WHAT READERS ARE SAYING ABOUT

An Orphan Train Rider's Story 
Mail-Order Kid


"MARILYN COFFEY HAS CAUGHT THE REAL JESSIE TERESA"

“As I read through Mail-Order Kid it was like Jessie Teresa Martin was sitting on the couch with me telling the story of her life. It is so real. I knew Jessie Teresa personally. In fact, she stayed in our home attending one of OTHSA’s reunions of Orphan Train Riders. She sat in the yard swing; her feet in the air because she was so short, and laughed as she told me about flirting with the doctors and how she loved to dance. She showed me her Star of David and told how she came to have it. Her remark was that she had all her bases covered with her Catholic upbringing and her Jewish genetics.

“Everyone who met her loved her. She was just that kind of person and Marilyn Coffey has caught the real Jessie Teresa on the pages of this book. In 1993, Jessie Teresa’s story was written by her family and submitted for publication in “Orphan Train Riders: Their Own Stories Vol. 2,” however, she always wanted her story told in more detail and called me when she knew Marilyn Coffey was writing it for her. This book fulfills her desire to have her very own life story told in a way that people can understand what it meant to her to be a ‘orphan.’ I wish she had lived long enough to autograph my copy of her book.”

—Mary Ellen Johnson Founder and Executive Director 
Orphan Train Heritage Society of America, Inc.


​"NEW AND UNUSUAL"

“Quite fascinating, a new and unusual look at the Orphan Train experience.”

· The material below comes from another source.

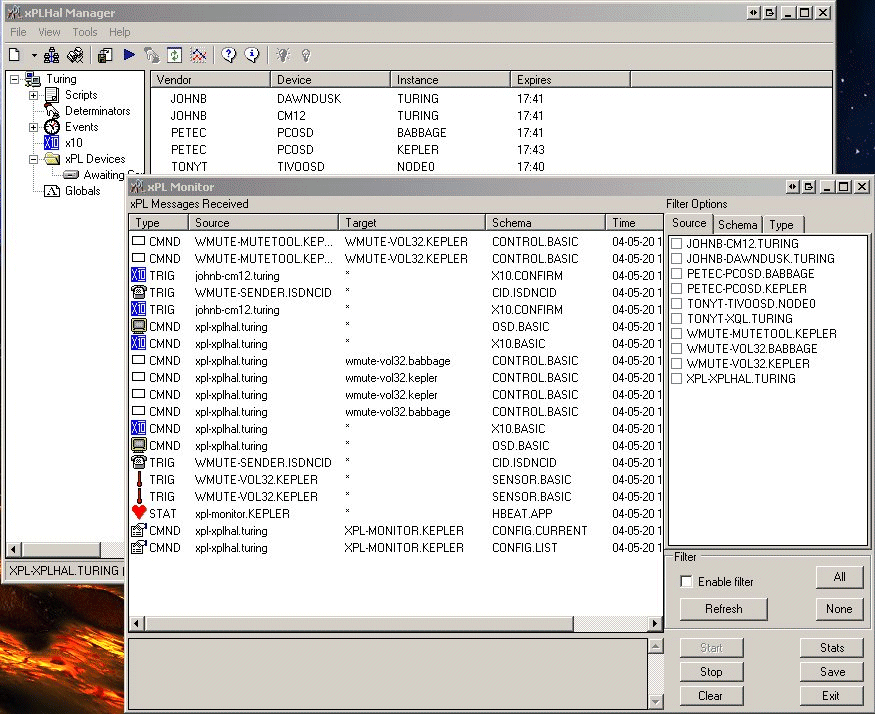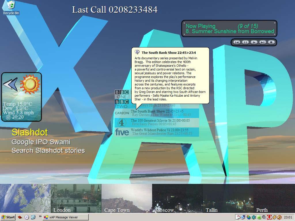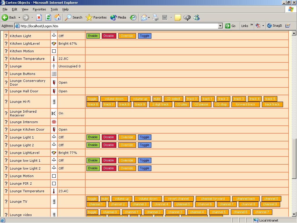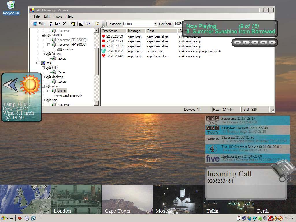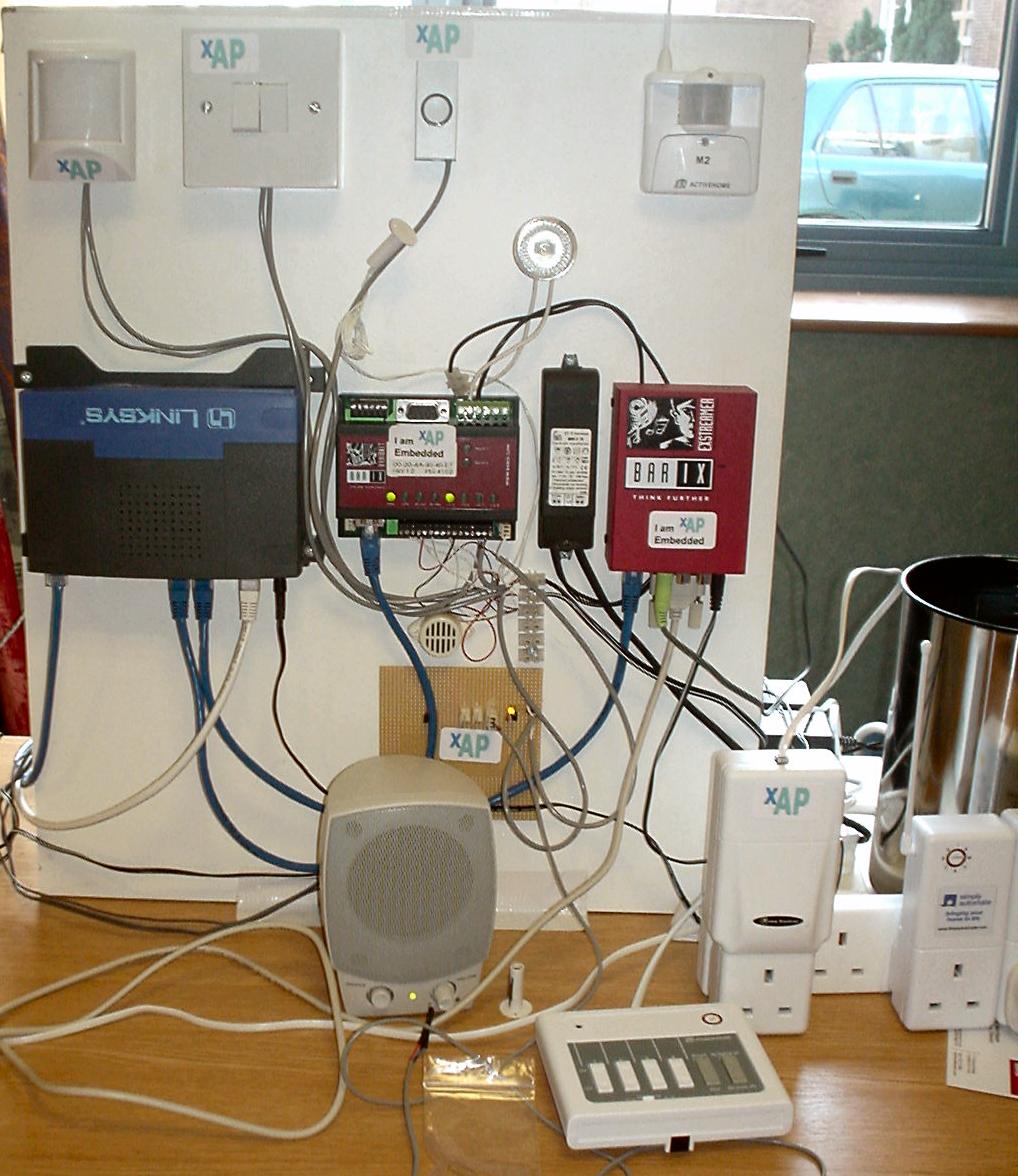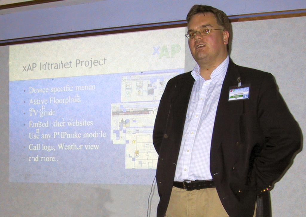 XAP www.xapautomation.org Mark Harrison, Patrick Lidstone, James Traynor and Edward Pearson represented the xAP team at the event. Mark’s presentation extolled the virtues of the xAP protocol as the “glue” between the various disparate home automation technologies we have in our homes. He said that the fact the xAP stand appeared to be a jumble of many technologies was actually the whole point! This reflects the situation in real life and xAP is what we’ve all been waiting for. To prove the point the xAP team were also able to demonstrate control of each others equipment. For example Mark Harrison changed a flag on his HomeVision which caused C-Bus controlled lights on Kevin Hawkins stand to come on. Similarly he was able to control devices connect to the Barix Barionet of Edward Pearson. Edward has been talking to Barix about development of the Barionet and xAP. His demo board showed the versatility of the Barionet unit and it was connected to various input and output devices including a PIR, doorbell, buzzer and lamp. James Traynor gave me a demo of his “xAP Desktop” I think it’s fair to say that xAP Desktop was probably the biggest draw to the xAP stand. It looks pretty and It allows information to popup on screen, for example caller ID. The pop-ups are semi-transparent (a feature only available on Windows 2000 and XP as far as I am aware) so possibly less intrusive. Other xAP applications like xAP Weather feed information to the xAP Desktop too, so you can have a host of information right where you need it. The software can even dynamically create your Windows wallpaper allowing it to show information too (look at the cid info on the top of the wallpaper in the Desktop 2 screenshot below for example. Although I liked the system I thought it would have been nice to see a common colour palette used across the many info popups and windows, which would give an even more professional look. Perhaps a skinable interface could be produced so as to allow the people with graphics talent to improve this part. However this is a minor gripe and overall xAP desktop was most impressive. A related project is the xAP Intranet which allows users to run a database on their home server accessed from a web front end. This allows information on the xAP Desktop (like CID again for example) to be stored for retrieval later on. You might like to see a list of your last 20 calls, or when the last time your were called by a certain individual was. The HomePod is an interesting device which the xAP guys are currently investigating. It’s wall mountable and has a decent 2.5″ blue-backlit LCD screen. It features an 802.11b wireless and Ethernet network interface, FM tuner, USB port, built-in stereo speakers, stereo audio outputs and headphone socket. Control is via a jog-shuttle rotating dial used to navigate its menu system. Purchasing the development kit has meant Patrick Lidstone has already created some of his own xAP menus on the device. With the in-built speakers, using the device for text to speech is a possibility that Patrick is working on also. xAP has come a long way since last year. After months of toil on the seemingly fruitless background work, exciting applications are appearing. At last people can start to see what it’s all about. Hopefully the team will now work on their website and documentation, as well as producing a single downloadable install file to encourage more users. |

—Pippa White performer “The Orphan Train,” One’s Company Productions


"EXCELLENT JOB"

“An excellent job of bringing to life a little-known part of our country’s history.” 

—Sandy Hill journalist, novelist


"A CLASSIC"

—Kira Gale publisher, River Junction Press
OUT OF THE FOUNDLING, 
INTO THE FIRE

The massive orphan train exodus whisked three-year-old Teresa from the safety of her New York orphanage, where the worst thing the Foundling nuns did was wash her curly black hair, to a desolate house and cold-hearted “parents” in Kansas. There she entered a small and strange Volga German world whose inhabitants spoke a language she had never heard. In this odd world, she encountered whippings and sexual abuse.

Perhaps half a million children, like Teresa, were plucked from orphanages and shipped by rail (or “relocated”) to nearly every state in the Union from 1854 to 1929.

Mail-Order Kid looks at the orphan train movement through the eyes of one small child who yearns to know her “real” mother, survives a tortured childhood, and ultimately, as an adult, comes to terms with her past, her faith, and herself.